# has any one tried rachel ray's NUTRISH dog food?



## uniquelovdolce (Mar 10, 2010)

they gave my boyfriend like 4 sample size bags and i tried it out yesterday and dolce loved it!


----------



## Ladysmom (Oct 19, 2004)

That's one of the brands on the list of foods that contain menadione.

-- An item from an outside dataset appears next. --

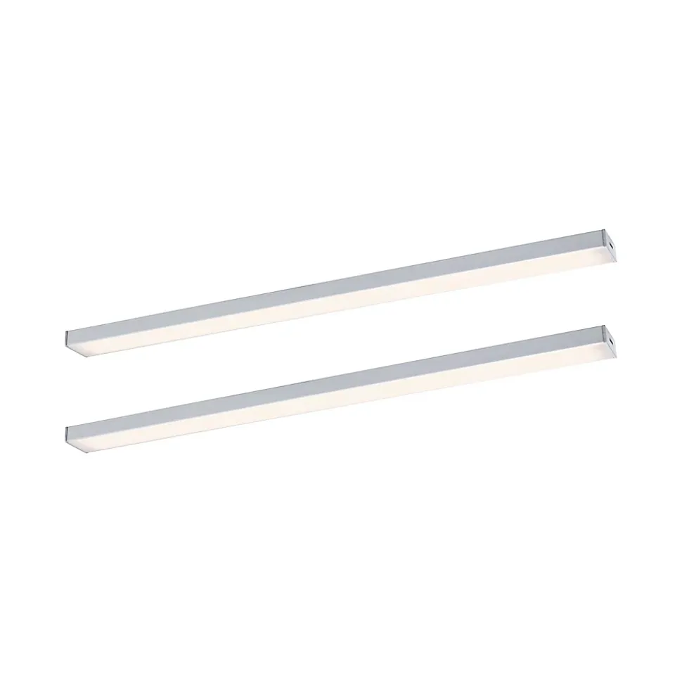 Le kit d’extension comprenant deux éclairages de meubles Inline en Chrome mat discret et de longueur 350x26mm est le complément parfait du kit de démarrage Inline. Ces luminaires sont une solution élégante pour illuminer les plans de travail de manière optimale. La fonction de variation d’intensité permet de régler la température de couleur blanc chaud selon les besoins. De plus, l’entretien des luminaires est un jeu d’enfants, car les matériaux de haute qualité sont faciles à nettoyer. Le détecteur de proximité permet une mise en marche et un arrêt sans contact, ce qui contribue en outre à un mode de travail hygiénique. De plus, la fonction mémoire enregistre la température de couleur paramétrée, ce qui évite de devoir la régler à chaque fois. Avec une température de couleur de 3000K, les luminaires diffusent un agréable éclairage blanc chaud.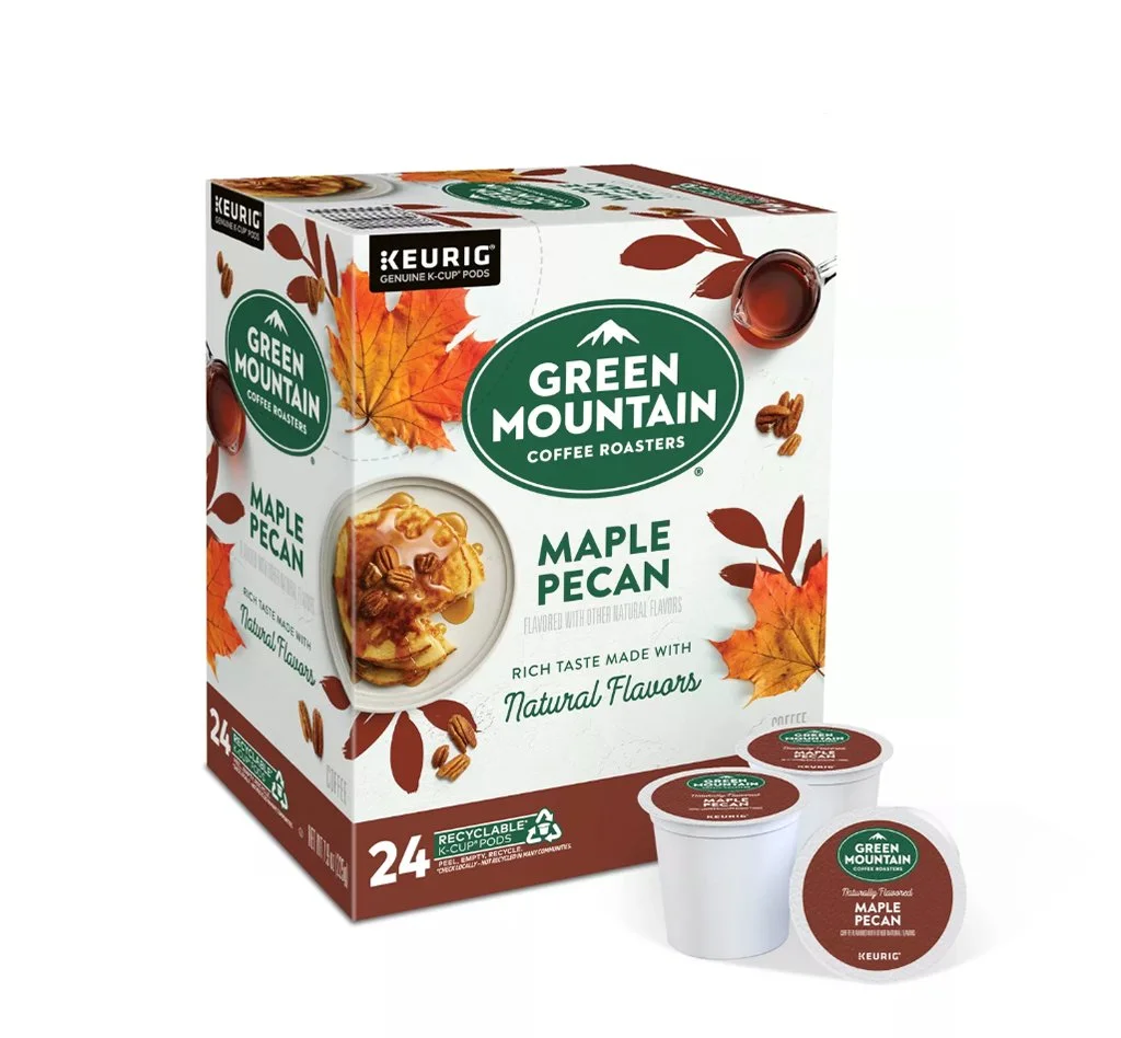 Green Mountain Coffee Roasters needed a refresh for their seasonal flavors. I was excited to take on this project with a more photographic approach compared to their previous illustrated designs. The photography increased flavor appeal and help the packaging to stand out on shelf. The designs are easily customized to be appropriate for a variety of seasons and flavors.

http://spoiledmaltese.com/forum/60-maltese-food-snacks-treats/108624-dog-food-ingredient-wary.html


----------



## uniquelovdolce (Mar 10, 2010)

oo wow thank u much ! i was reading up on it too , n it seems like it has very little chicken and alot of different meals and chemicals.. n he gobbled it up . crazy.


----------



## Ladysmom (Oct 19, 2004)

Not a great review:

Dog Food Review: Rachael Ray's Nutrish - Associated Content - associatedcontent.com


----------



## uniquelovdolce (Mar 10, 2010)

yes thats the same one i read! i will def not be giving dolce anymore of this , its crazy how they word everything to try to trick consumers into thinking its actually good natural food.. i have learned so much here in SM because i would have never known half of what i know if it werent for this forum.


Ladysmom said:


> Not a great review:
> 
> Dog Food Review: Rachael Ray's Nutrish - Associated Content - associatedcontent.com


----------